■ **What the exercise asks**: From the line with "Floral Print Smocked Bodice Midi Dress" through the last line of the records below, both ends included, transcribe only those lines, exactly, and omit the pictures.

┄┄┄┄┄┄┄┄┄┄

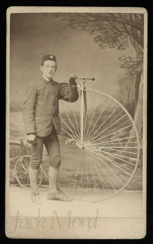 antique cdv man w star badge on hat posing w high wheel penny farthing bicycle
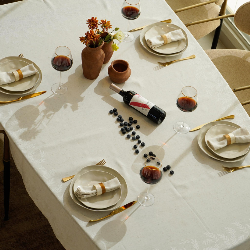 מפת שולחן ג’קארד איכותית במראה דמוי פשתן טבעי המשלב עיצוב אלגנטי וחגיגי.
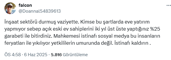 İnşaat sektörü durmuş vaziyette. Kimse bu şartlarda eve yatırım yapmıyor sebep açık eski ev sahiplerini iki yıl üst üste yaptığınız %25 garabeti ile bitirdiniz. Mahkemesi istinafı sosyal medya bu insanların feryatları ile yıkılıyor yetkililerin umurunda değil. İstinafı kaldırın .
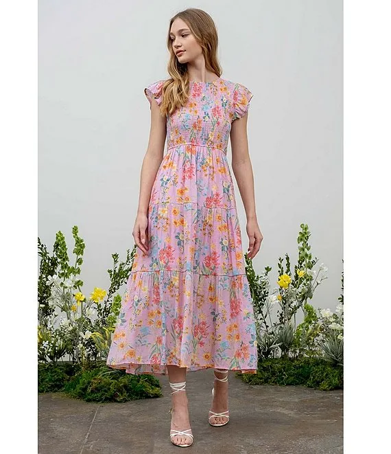Floral Print Smocked Bodice Midi Dress
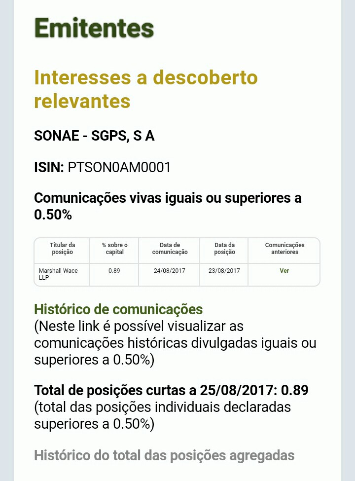 No caso do BCP, o aumento destas posiçoes curtas ate aos atuais 3,7%, refletiu-se na cotaçao, que veio dos 0,25 para o, 0,22
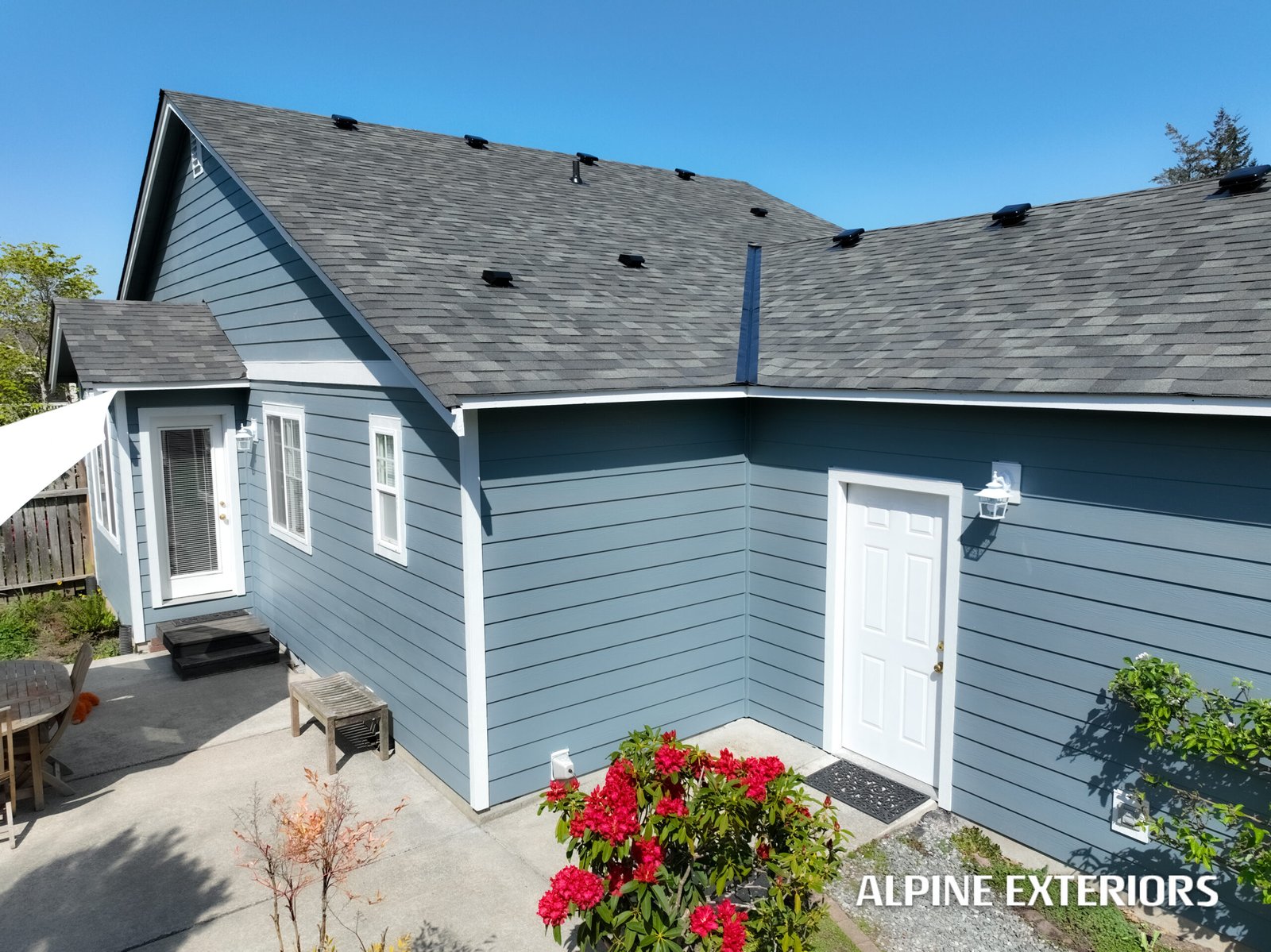 boothbay_blue_colorplus_james_hardie_siding_arctic_white_trim_belly_bands_hardie_porch_soffits_fiber_cement_lap_siding_exterior_remodel_pacific_northwest_bellingham_home_hardie_wrap_weather_barrier_full_siding_replacement_custom_home_envelope_solution_mildew_resistant_siding_colorplus_finish_factory_painted_lap_siding_exterior_trim_package_code_compliant_siding_installer_alpine_exteriors_project_1728_best_siding_company_wa

┄┄┄┄┄┄┄┄┄┄

■ **Reply**:
Floral Print Smocked Bodice Midi Dress
 No caso do BCP, o aumento destas posiçoes curtas ate aos atuais 3,7%, refletiu-se na cotaçao, que veio dos 0,25 para o, 0,22
 boothbay_blue_colorplus_james_hardie_siding_arctic_white_trim_belly_bands_hardie_porch_soffits_fiber_cement_lap_siding_exterior_remodel_pacific_northwest_bellingham_home_hardie_wrap_weather_barrier_full_siding_replacement_custom_home_envelope_solution_mildew_resistant_siding_colorplus_finish_factory_painted_lap_siding_exterior_trim_package_code_compliant_siding_installer_alpine_exteriors_project_1728_best_siding_company_wa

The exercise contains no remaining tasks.